“What do you mean?” asked Hunt. “They haven’t gone back to the desert?”
“Not on your life. They’ve been prospecting where they prospected twenty years ago. Or that’s what I figger. Just at dawn, after we let off those shots that started the dam-busting, I spied ’em prowling around up there on the side of the canyon. Reckless as kids, those old tykes are. Might another slip come ’most any time.”
“Oh!” said Betty, “I hope you did not leave them in danger, Joe.”
“If they were, I couldn’t help ’em,” Hurley replied. “You can’t influence those old desert rats any more than you could lead an iron horse to drink. No, sir! Steve and Andy were up there on a shelf that was uncovered by the last slip, a-holding hands and ghost-dancing like a couple of Piute Injuns. Acted plumb crazy.
“They must have swum the West Fork to get there. And I bet they didn’t go together. But when they got up there and saw the way open——”
“To what?” interrupted Nell. “You haven’t told us what they found.”

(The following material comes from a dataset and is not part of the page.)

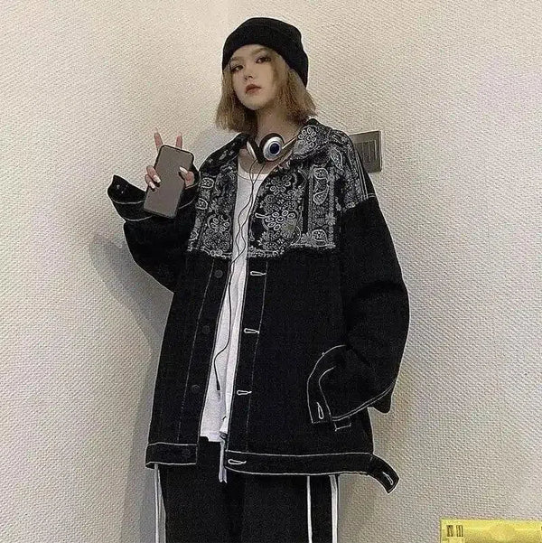 - Rincian desain: Pola paisley yang kontras pada panel atas, kancing depan, dan beberapa saku

“That’s so,” chuckled Joe. “They’ve found something all right. I reckon Steve and Andy can’t be fooled when it comes to ‘color.’ They certainly have made a ten-strike. Steve shouted down to me that the slip had uncovered the mother lode. Of course, they are claiming everything in sight. Got their claims staked out, and if it’s really a sure-enough find I expect there will be a small stampede to that side of the canyon. There’s gold all through those cliffs. This is a gold country. Some day they’ll find out how to work the Topaz Desert as a paying proposition. The wash from these headlands and the canyon sides has been carried out into the desert by the Runaway for a couple of million years—more or less.”
“Anyway,” said Nell, her eyes sparkling, “the old-timers are going to be rich at last? How fine!”
“It may only be a pocket—or a broken lead. But I wish ’em both millionaires. Me, I’ll stick to the Great Hope a while longer.” He looked at Betty. “I am a great feller for sticking to a thing.”